Comic Review: The Wild Storm #3
/Imagine your favorite action show or movie, with action so detailed in its choreography that you’re whooping it up on the couch like a maniac. Now imagine your favorite mind-bending show or movie with visuals you have to re-watch to comprehend. For example, combine “” on AMC with “.”
That’s what the Wild Storm #3 has done.
In this issue we see Jacob Marlowe’s Covert Action Team track down rogue engineer Angie Spica and attempt to rescue here, all the while IO is attempting to track her down and harvest her inventions. Thankfully, the two groups clash, and holy hell do things get amazing.

Things start off with a character who appears to be (please God please) Jenny Sparks wandering through technology to get to her destination. Now, I had to look over the visuals here a few times to make sure I registered what I was seeing: Sparks essentially meanders through security footage, a comic book, a TV show, and a Times Square ad in a series of panels that’s just so damn clever. This sequence is, of course, LITTERED with Easter Eggs that longtime DC readers will gobble up like a post-Easter candy sale.
And then the fun starts.
Cole Cash (Grifter), Kenesha (Savant), and Adrianna Tereshkova (Void) arrive in Spica’s safe room, just after she’s been working on her mech suit. IO’s Razors 3 arrive just thereafter, and the following action is as frenetic as the tiny details that artist Jon Davis-Hunt supplies are thoughtful.

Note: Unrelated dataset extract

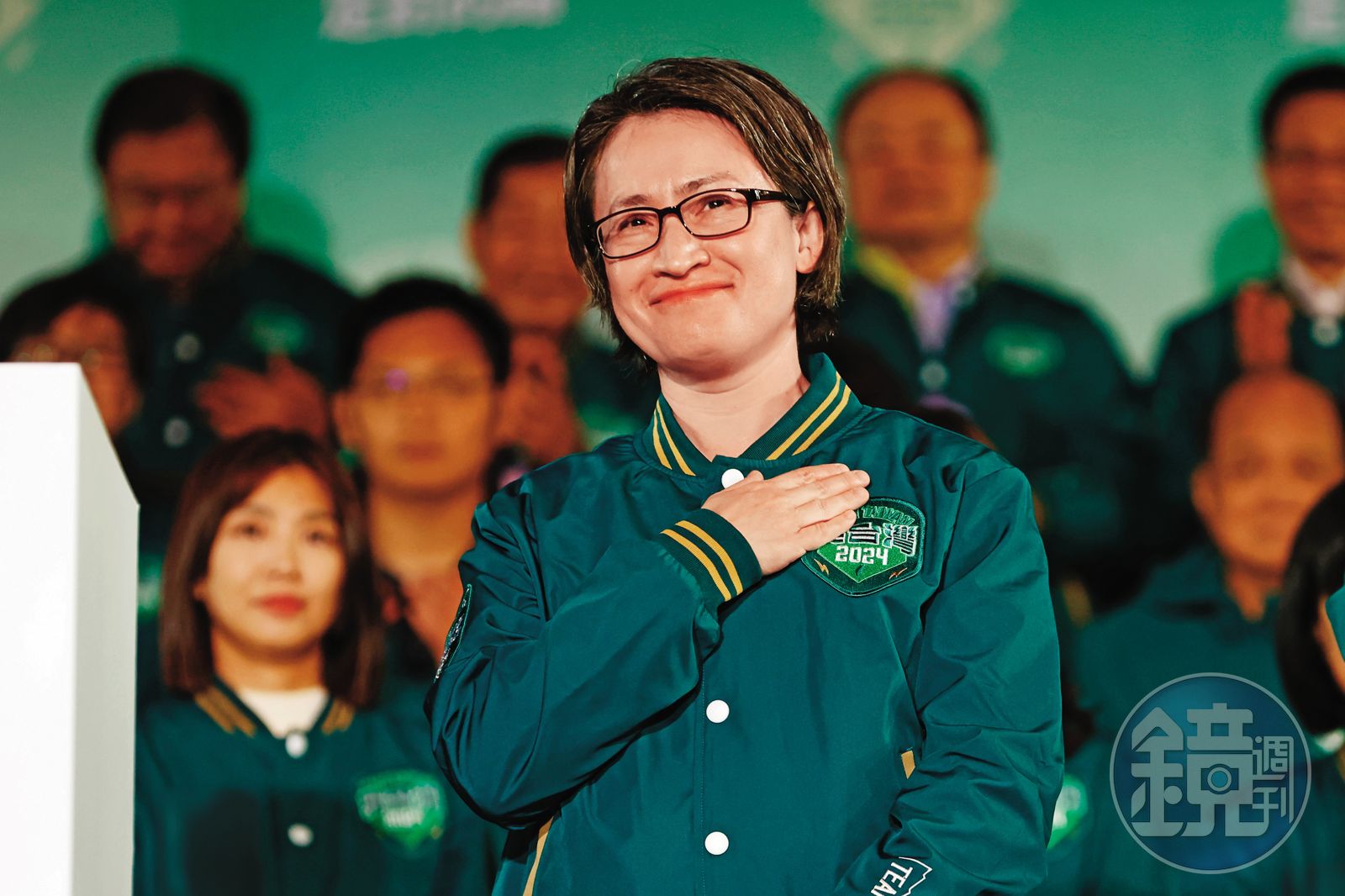 勝選這晚,支持者情緒沸騰。在帳棚內舉行的國際記者會上,蕭美琴全程眉頭緊緊皺在一塊。半個小時後,站在勝選舞台前面對廣大支持者,她也只是微微笑著,顯得冷靜許多。

Grifter’s acrobatics and sharp-shooting are on point, as he’s also in a realistic body position to fire a shot, and his shots just land so gorgeously on whatever the Razors are shooting. And this is where Davis-Hunt’s attention to detail is so powerful: he gets the action down so minutely in a couple panels that you get the full force of the beats in Warren Ellis’ script, like when he takes the time to show the bounce a canister takes, or when an exploding bullet counts down. Hell, one of my favorite tiny details was a panel showing Spica remembering to put on her shoe after working on her armor.
The colors here by Steve Buccellato are just mouth-wateringly gorgeous: from the tiny drones Spica shoots, to the strange matter-piercing light, to the initial teleportation field, Buccellato chooses a bright palate to really emphasize how out-of-place in a realistic world all these things are. Contrast the page examining Spica’s hiring at IO with the teleportation scene – absolutely stunning work.

And then there’s Ellis’ dialogue and direction. Miles Craven’s orders from the IO control room are alternatingly dumbfounded and surgical as he tries to control the infiltration from the “wild CATs.” Grifter’s impatience with a rapidly deteriorating situation is palpable. And again, that scene where (please God please) Jenny Sparks goes to her headquarters is so well crafted, and her dialogue so spot on, is just perfect.
This issue is just the sort of gear-shift this series needed to amp up the action and the intrigue. Davis-Hunt is a star in the making with his attention to detail and organic action. Buccellato shows true innovation with impossible events occurring in a bland modern world. And goddamn, does Warren Ellis have a feel for these characters that hasn’t eroded in the years that have passed. I adore this book.